EL PAÍS publica una selección de las historias personales enviadas por los lectores sobre la pandemia. Cientos han respondido con sus relatos y experiencias a la invitación de la redacción.

Recogiendo tus cosas, papá, encontramos esta carta que le habías escrito a mamá hace casi tres años. Volver a leer estas palabras fue como una puñalada en el corazón. Tú no tenías fuerzas para leer la carta en su funeral y mis hermanos tampoco, así que me pediste que a mí que lo hiciera. Yo ni siquiera recuerdo si pude leerla entera, pero lo intenté.

Querida Loly:

Tú cuidaste en su última enfermedad a tu padre, a tu hermana y a tu madre. ¿Quién habrá de cuidarme a mí? Yo te aseguré que estaría a tu lado cuando enfermases para cuidarte y atenderte en todas tus necesidades.
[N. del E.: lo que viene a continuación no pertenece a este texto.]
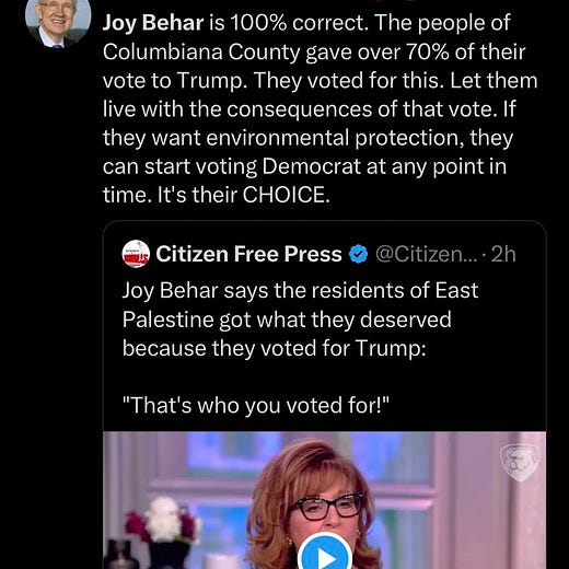 Do yourself a favor. Go to The Lever and read/listen to their coverage of the East Palestine train disaster. You might as well hear it from them; as far as I can tell, they’re the ones driving all decent reporting on the issue, the'y’re the ones who’ve forced Mayor Secretary Pete to acknowledge the disaster at all. Normally I’d put a little “subscribe here” button below this paragraph but not today: subscribe to The Lever. Pay them if you’ve got money. They deserve it:

Lamentablemente, por motivos de salud, no he podido cumplir con este compromiso que cumplieron con creces tus hijos. Pero hay otro compromiso que sí he podido cumplir: el que adquirí cuando prometí amarte todos los días de mi vida, en la salud y en la enfermedad, en la pobreza y en la riqueza, hasta que la muerte nos separase.

La muerte, inexorable, ya nos ha separado. Pero no ha destruido ni destruirá jamás mi amor por ti, que permanece incólume como el primer día.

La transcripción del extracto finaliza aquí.